Acara sidang berlangsung di Ruang Sidang Pleno, Mahkamah Konstitusi (MK) RI, pada Selasa (21/1) sore. Dimulai dari pihak Termohon dalam hal ini Komisi Pemilihan Umum (KPU) kota Makassar memberikan jawaban atas dalil yang dimohonkan oleh Pemohon.
Melalui kuasa hukum Termohon, Zahru Arqom menyatakan bahwa dalil yang menyebut KPU dan jajarannya menghambat pemilih menggunakan hak suaranya tidak benar adanya.

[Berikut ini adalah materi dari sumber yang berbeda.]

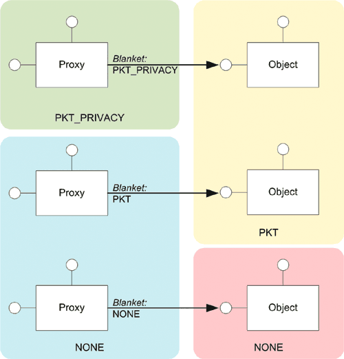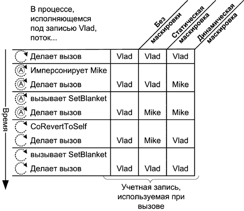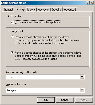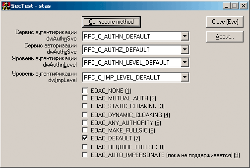 В момент вызова проверяются разнообразные параметры защиты: используемый протокол безопасности, тип имперсонации, тип идентификации и т.п. При этом COM может самостоятельно поднимать уровень этих параметров, если они не удовлетворяют требованиям сервера (о том, как задать данные параметры, будет сказано чуть позже).
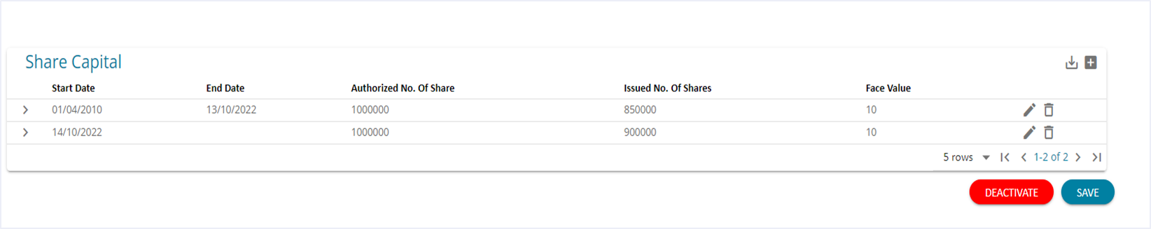 For example, If the first row of Share capital has an end date of 13-Oct-2022, the next row has to start from 14-Oct-2022, not before or after. This will also help the system to accurately compute the weighted average.
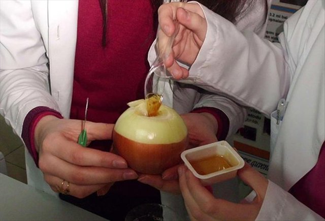 - Üzerine kestiğimiz soğanı kapak olarak koyduktan sonra 2-3 saat bekletilir yavaş yavaş sulanarak bardağa birikecek.
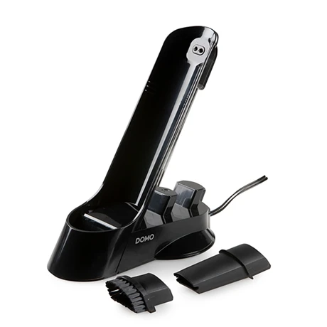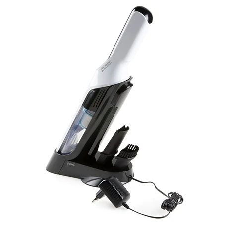 L’aspirateur à main Domo a une durée de charge de 4 heures. Sa base de recharge est incluse. 2 embouts sont également inclus :
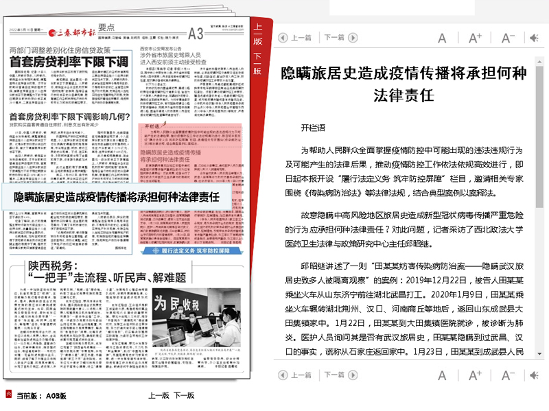 为帮助人民群众全面掌握疫情防控中可能出现的违法违规行为及可能产生的法律后果,推动疫情防控工作依法依规高效进行,即日起本报开设“履行法定义务筑牢防控屏障”栏目,邀请相关专家围绕《传染病防治法》等法律法规,结合典型案例以案释法。
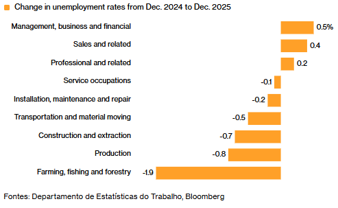 Os ganhos de janeiro, no entanto, concentraram-se principalmente nos setores de saúde e assistência social, tal como em 2025. Os empregos na construção civil também foram um dos principais impulsionadores do aumento, enquanto os setores de emprego predominantemente compostos por trabalhadores de escritório ficaram, em sua maioria, para trás.
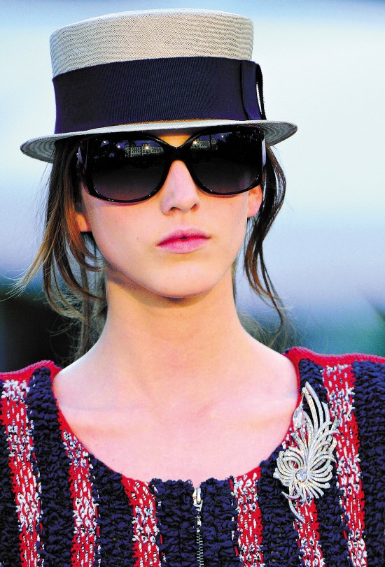 早春系列的服飾搭配,中性的禮帽和太陽眼鏡處處可見(CHANEL)
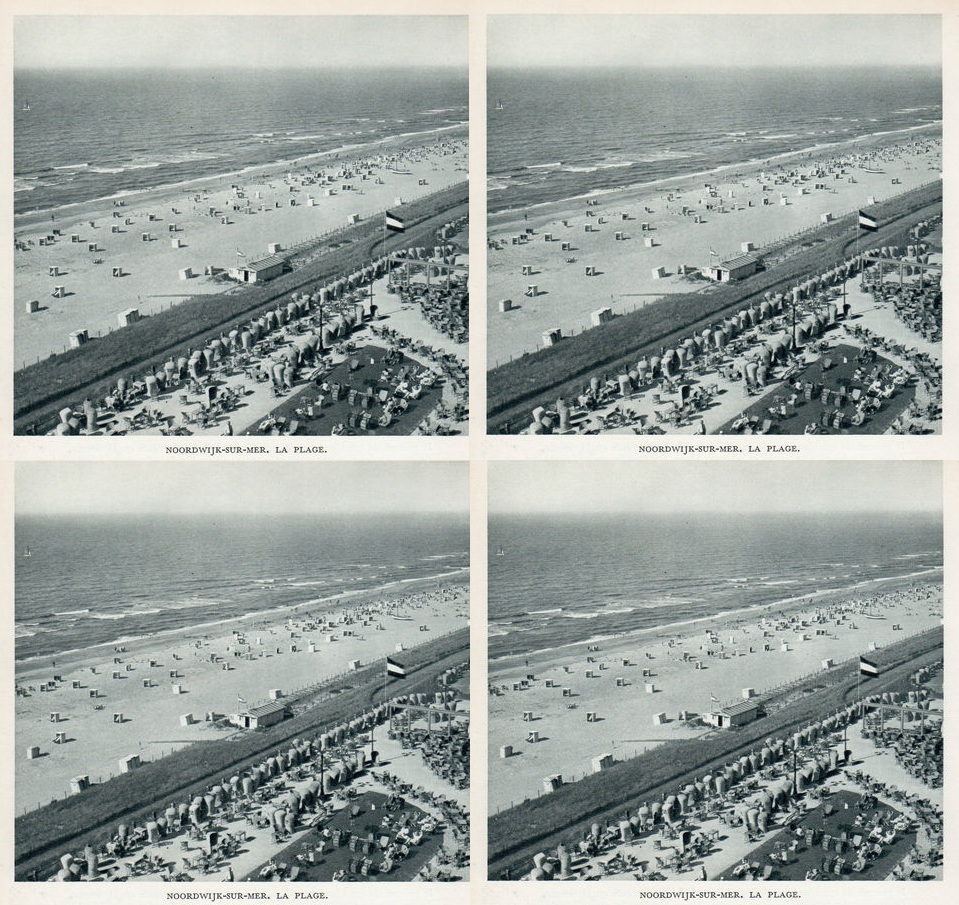 De foto komt uit een boek, maar op internet wordt niet vermeld uit wélk boek. Dat is jammer – je komt wel meer van dit soort van slordigheden tegen op internet (ook in dit blog 🙂 ). Ik neem aan dat het om een Franstalige reisgids ging voor de Pays-Bas, waarin de lezer/reiziger – terecht – ook op een foto van Noordwijk werd getracteerd. Mais naturellement!
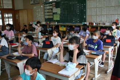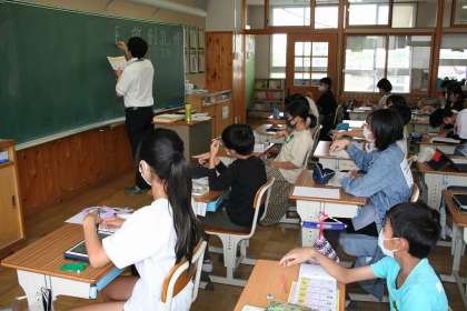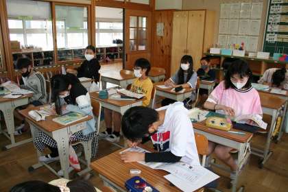 6年1組が国語で,「話し言葉と書き言葉」の単元の新出漢字を練習していました。新出漢字は,1年生も6年生も同じで,書き順チェックから始まります。

"Bahwa dalam tahapan pemilihan, Termohon KPU kota Makassar senantiasa melaksanakan sosialisasi dan menjalankan tahapan-tahapan," katanya.
Zahru juga menjelaskan C Pemberitahuan kepada para pemilih dijalankan sebagaimana mestinya, bahkan tiga hingga empat hari sebelum pemilihan masih tetap berjalan.
Terkait surat suara atau formulir pemilih yang masih tersisa bukan berarti KPU Makassar sengaja menghambat pemilih menggunakan hak suara, melainkan adanya beberapa variasi kasus yang ditemukan di lapangan.
"Terdapat beberapa varian, misalnya pemilih meninggal dunia, pindah alamat, pindah memilih, tidak dikenal, berubah status. Ini kembali (formulir pemilih) 192.567 atau kurang lebih 19 persen. Kemudian yang terdistribusi adalah sejumlah 844.597 atau 81 persen," ungkap Zahru Arqom.
KPU Makassar juga membantah dalil Pemohon dalam hal ini pasangan calon (paslon) Indira Yusuf Ismail - Ilham Ari Fauzi (INIMI) yang mencatat adanya anggota KPPS di 308 TPS yang diduga menghalang-halangi pemilih menggunakan hak suaranya.
Menurut penelusuran KPU, ternyata TPS yang diduga dalam dalil Pemohon hanya 39 TPS. Klarifikasi dari KPPS ketika kejadian yang diduga menghalang-halangi itu karena para pemilih banyak yang datang secara bersamaan.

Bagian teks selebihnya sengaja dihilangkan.